Rakoff blames the use of analytical products like COMPAS on the encouragement by the National Center for State Courts to make the sentencing process more “data-driven,”and he opines that the entire process of basing the severity of criminal sentences based on “incapacitation,” i.e. prevention of future crimes, should be re-evaluated. Specifically, Rakoff believes the focus should be on rehabilitating criminal defendants rather than trying to prevent crimes that have never been committed in the first place. In the unlikely event of such a transformation in criminal jurisprudence, Rakoff believes that if products like COMPAS become more ubiquitous judges are going to become more reliant on them, with the end result of more emphasis on preventing future crimes (through more severe sentencing) than reforming criminals through rehabilitative programs that don’t involve incarceration.
One point that Rakoff also might have raised is the fact that although these AI algorithms are intended to assist judges in determining appropriate sentencing, they are primarily a tool wielded by prosecutors. The vast majority of criminal defendants (and the vast majority of public defenders) do not have the resources or wherewithal to challenge the results of these assessments, particularly if the use of datasets and algorithms remain secret. Even if such data are disclosed, the forensic analysis needed to evaluate their credibility would cost more than most defendants are able to pay.
The employment of this technology thus reinforces the disparity between the power of the state and the individual, one that seems to have simply been accepted out of expedience. Notably, Rakoff also cites a study conducted by researchers at Dartmouth University which determined that of the (estimated) 137 factors COMPAS might use to evaluate a person’s potential to commit future crimes, the same predictive analysis can be achieved by utilizing only two factors—a person’s age and criminal history, which judges are presumably capable of assessing without the assistance of artificial intelligence.

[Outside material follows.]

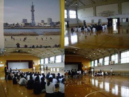 今日6限 体育館で 3年生が修学旅行前の集会を行っていました

Beyond the Orwellian prospect of having the course of one’s future dependent on an unknowable, secret algorithm, the adoption of COMPAS and products like it highlights the unsettling intersection between the very human issues of criminal justice and the inherently inhuman aspects of technology. And while that route may seem easier or more convenient for judges and prosecutors, it isn’t necessarily the one we ought to be following.